Looking at the data we have, my (intrigeri) general feeling is rather
positive but I was sold to this idea from the beginning, so let's be
clear: I'm biased :)
Now, I feel we haven't gathered enough data during the Stretch cycle
to make a final decision wrt. starting to track Buster in 2018-01 or
not: particularly in the doc and security support areas, we have very
little data about _continuously_ adapting to a moving target.
But I think we do have enough data to decide at the summit something
like "if X happens by the end of November and takes us less than
Y days, then we'll go ahead and switch to Buster in 2018-01".
Worst case we'll suffer for a year until Buster is frozen, and then we
won't try again before fixing some pre-conditions we'll have
identified during our failed first try.
I think the only way we can gather the missing data, and check if "X
happens" and whether it takes "less than Y days", is to have sprints
in 2017-10 or 2017-11, and actually port most of our code, test suite
and documentation to Buster. We could take some shortcuts though, e.g.
by estimating the amount work needed instead of doing it, when we feel
very confident we can come up with a realistic estimate.
It'll be impossible to have all these kinds of work done in parallel
during one single sprint though; the best process I can think of is to
serialize the tasks like this:
1. 3 days: make the ISO build and boot (anonym + intrigeri)
2. 3 days: loop over "port some of the test suite, fix regressions in
our code to make the ported tests pass" (anonym + intrigeri)
3. 1 day: give our technical writers a list of software that has
changed in a way that may affect our documentation, so they can
update it (anonym + intrigeri)
4. 3 days: update the doc (sajolida & his amazing tech writing band)
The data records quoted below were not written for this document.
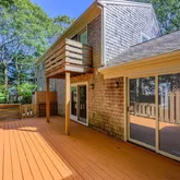 This spacious contemporary cape is sure to impress. Nestled in a neighborhood setting, just minutes to dining, shopping, and the Cape's best beaches is where you will find this beautiful property. Inside, this home features three bedrooms, including a first-floor bedroom with an adjacent bathroom and laundry for added convenience. The main living area boasts soaring ceilings and a gorgeous fireplace, creating a bright and inviting space that seamlessly connects the living room, dining area, and kitchen....This spacious contemporary cape is sure to impress. Nestled in a neighborhood setting, just minutes to dining, shopping, and the Cape's best beaches is where you will find this beautiful property. Inside, this home features three bedrooms, including a first-floor bedroom with an adjacent bathroom and laundry for added convenience. The main living area boasts soaring ceilings and a gorgeous fireplace, creating a bright and inviting space that seamlessly connects the living room, dining area, and kitchen. This setup is perfect for both everyday living and entertaining guests. Additional features include an attached garage, central air conditioning, Town Water and Town Sewer. The property is freshly painted throughout with new carpet, creating a fresh and welcoming ambiance. Step outside to find a large deck overlooking a level yard, providing the perfect spot for outdoor relaxation and gatherings. A great year-round residence or a vacation home.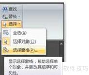 在PowerPoint的开始选项卡中,点击编辑组内的选择按钮,从下拉菜单中选择选择窗格命令,操作所示。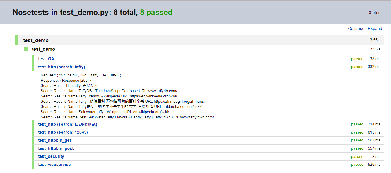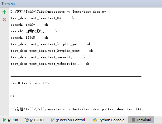 # 执行测试文件test_demo.py $ nosetests -v Tests/test_demo.py # 单独执行测试文件test_demo.py中测试类test_demo下的test_http测试方法 $ nosetests -v Tests/test_demo.py:test_demo.test_http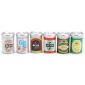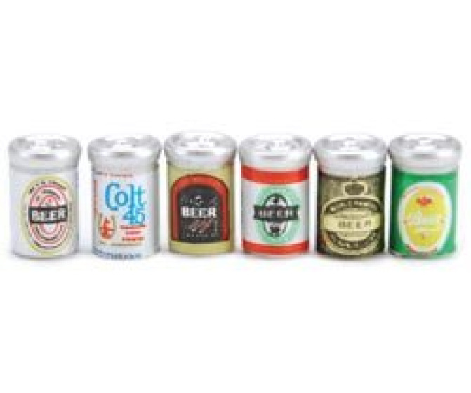Set of six assorted beer cans for sand tray therapy. Cans are tiny, about 1/2" tall but perfectly sized for sandplay.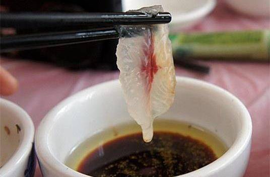 草魚先切去尾巴放入水裡讓它遊5分鐘左右,這樣的目的是放血。然後草魚去掉鱗片,片出魚肉,刀一定要利,否則不好操作。魚肉分開後去皮,然後用廚房用紙包住魚肉1分鐘左右。這樣的目的是為瞭吸去魚肉的血水,做出來的魚生不腥。菜板用洗潔清清洗幹凈,用熱水蕩一下,然後用廚房用紙把菜板菜刀擦幹。切魚片最好切2毫米左右的厚度,切薄瞭手的溫度會影響魚肉的口感,切太厚瞭不入味。切好的魚片馬上放入冰箱急凍。

If we eventually decide to postpone our migration to Stretch, some of
this work will be wasted, and hopefully some won't. To minimize the
amount of wasted work in the worst case, we should be ready to give up
in the middle of the afore-described process, if we notice it's going
to take us more time than "Y days".
While doing this we should carefully gather the data we did not get
during the Stretch cycle, in particular:
1. How would we address security issues fixed in sid but not in
testing? (see the "Stretch cycle" section for details)
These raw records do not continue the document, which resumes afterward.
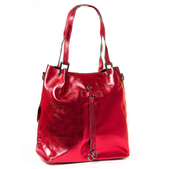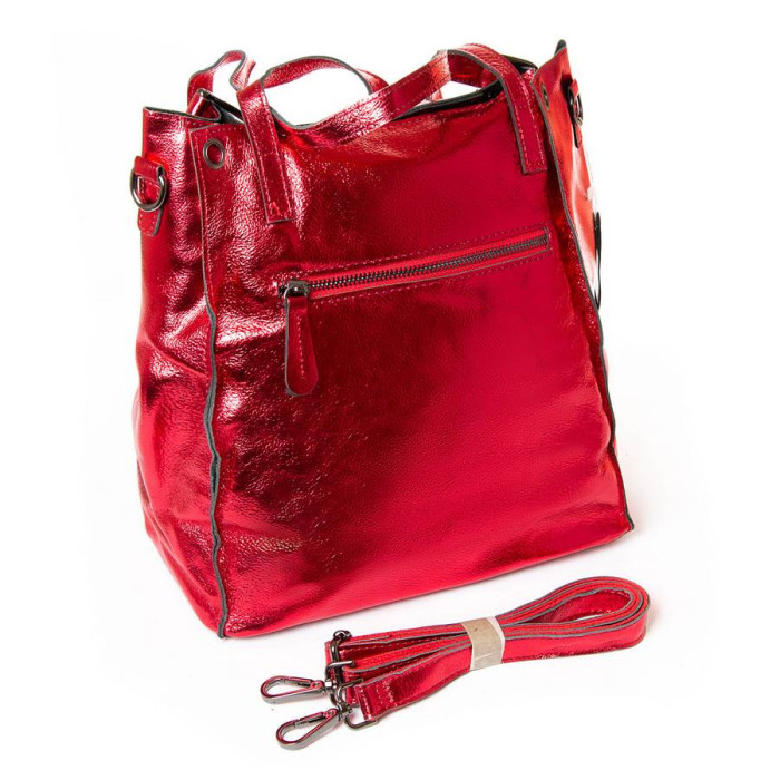 Жіноча шкіряна сумочка. Виготовлена із м'якої натуральної шкіри. Закривається на блискавку. Усередині знаходиться подвійне відділення, розділене кишенею-перегородкою на блискавці, відкрита кишеня та кишеня на блискавці. На звороті знаходиться кишеня на блискавці. У комплекті регульований плечовий ремінь.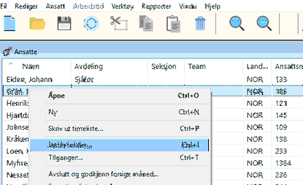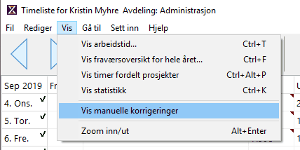 Man har to måter å endre totaler på i Timeflex Pluss. Du kan gå inn i timelisten og velge Vis og Manuelle korrigeringer, eller du kan bruke "Juster totaler" som du finner på høyreklikk i ansattmenyen.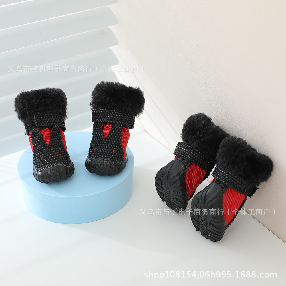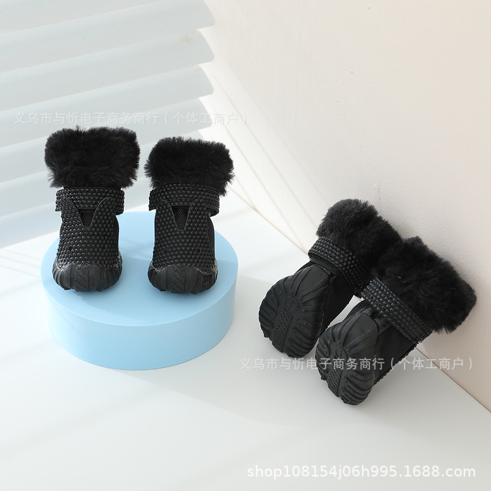 애완견 신발, 소형견 두꺼운 스노우 부츠, 부드럽고 미끄럼 방지, 따뜻한 면 신발, 더러운 방지 벨크로 발 커버

2. How can developers convey to technical writers what changes may
affect the documentation? (see ideas in the "Documentation" section
3. Thanks to #2, can we identify what piece of doc needs updating
_without_ having to test the entire documentation every
When deciding what X and Y should be, and when analyzing how the
experiment went, we shall keep in mind that Debian testing changes _a
lot_ when the gates open after the freeze. It's not exactly the time
when it's the most reliable, even though there's been big progress in
this area. And there are lots of library transitions going on, that
could be painful for us, even though there's been big progress here as
well. In other words, the delta between Stretch and "Buster in
October" will be substantially bigger than what will happen during the
next 3-months cycles, and the porting work will be close to the
maximum one can expect during these 3-months cycles.